What happened to a major financial service provider when they prepared their quarterly statement makes the perfect case for Beta 91: According to press sources, a computer error caused faulty bookings affecting hundreds of accounts, in some cases resulting in negative balances in the range of tens of throusands of dollars.
No doubt, discovering these balances will have been quite a scare for the customers. While the bank insisted that only a few accounts were involved, apologized to its customers and quickly corrected the postings, still, such an event can cause long-term damage to the corporate image.
Implement Measures to Prevent IT Errors
When we read about such incidents in the press, we are left clueless as to what actually caused the problem. A possible cause could be insufficient data quality assurance or an inadequate comparison of target and actual data. Beta Systems develops specialized software tools that enable the structured and convenient definition of automatic reconciliation routines. They help companies perform these checks and thus prevent errors that can cause widespread damage. The tools integrate with existing processes and can be launched directly from within the program code.

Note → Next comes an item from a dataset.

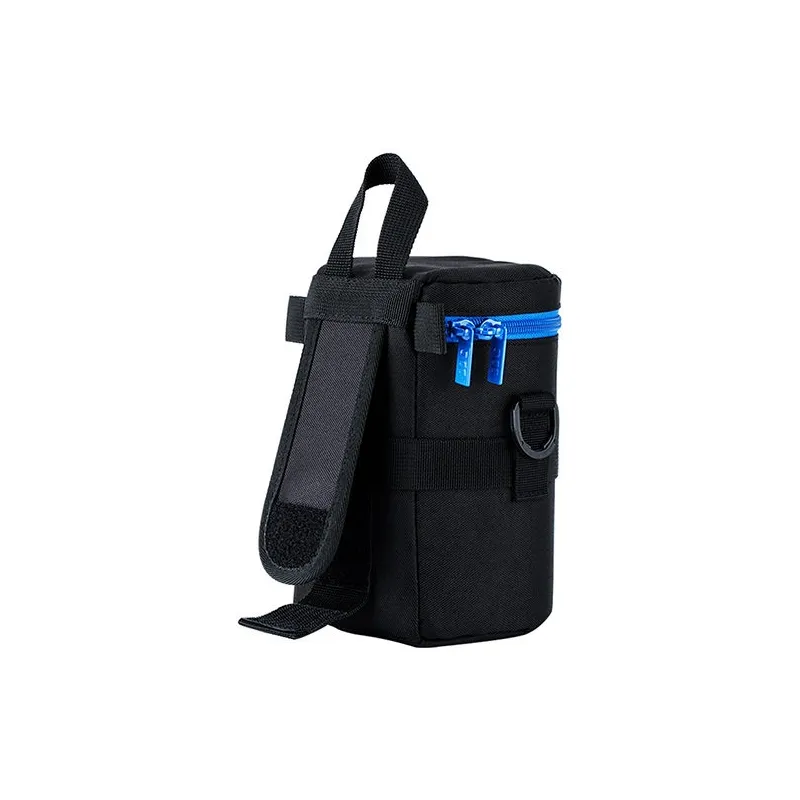 JJC Deluxe Lens Pouch is designed to carry a typical SLR lens. This pouch features heavy-duty polyester construction with a foam cushion interior. It provides great protection and shock absorption for your lens. Besides, its exterior material is water-resistant, which can protect your lens from rain and moisture. It has deep blue two way zipper with a mesh accessory pocket inside the lid. The two zipper sliders are designed with small loops, thus you can lock them together with a small lock for security. You can put the small accessory, such as lens cap or remote controller, into the inside pocket. Features 4 carrying options: 2 D-rings with a strap to be used as a shoulder strap, 2 webbed eyelet loops for a shoulder strap, rear double touch belt loop for use on waist belt and a grab handle on the top for convenience. In addition, the narrowed rear double touch belt loop also fits Lowepro belt. The deep blue zipper coordinate with the JJC logo, which makes the pouch fashionable. This series of lens pouches is available in 7 sizes to fit a wide variety of lenses.

Immediate Response and Troubleshooting
After comparing the control parameters and identifying possible errors, the applications escalate the process (via e-mail, SMS/app push message, console, Tivoli or log file) to the employee in charge. This person then partially or fully reverses the relevant jobs by means of a backout procedure to reset the fields to their original values. In other cases, only individual data fields are reset. This workflow results in a rapid response and immediate error correction.
A major Canadian bank operates such a standardized system (Beta 91) for automatic verification of data and logs processed on the z/OS platform. A total of approximately 400 applications are executed on the bank’s mainframe. About one quarter of them require permanent balancing – i.e., at various stages the actual values generated in the applications need to be compared with predefined control values or historic data. This process is repeated until the target and actual values match. If a process continued with wrong figures, the erroneous/outdated data could lead to incorrect calculation results or to wrong information being provided to the customer.
This setup based on fully automatic quality assurance thus helps to reliably prevent erroneous postings or, worse yet, faulty payment transfers.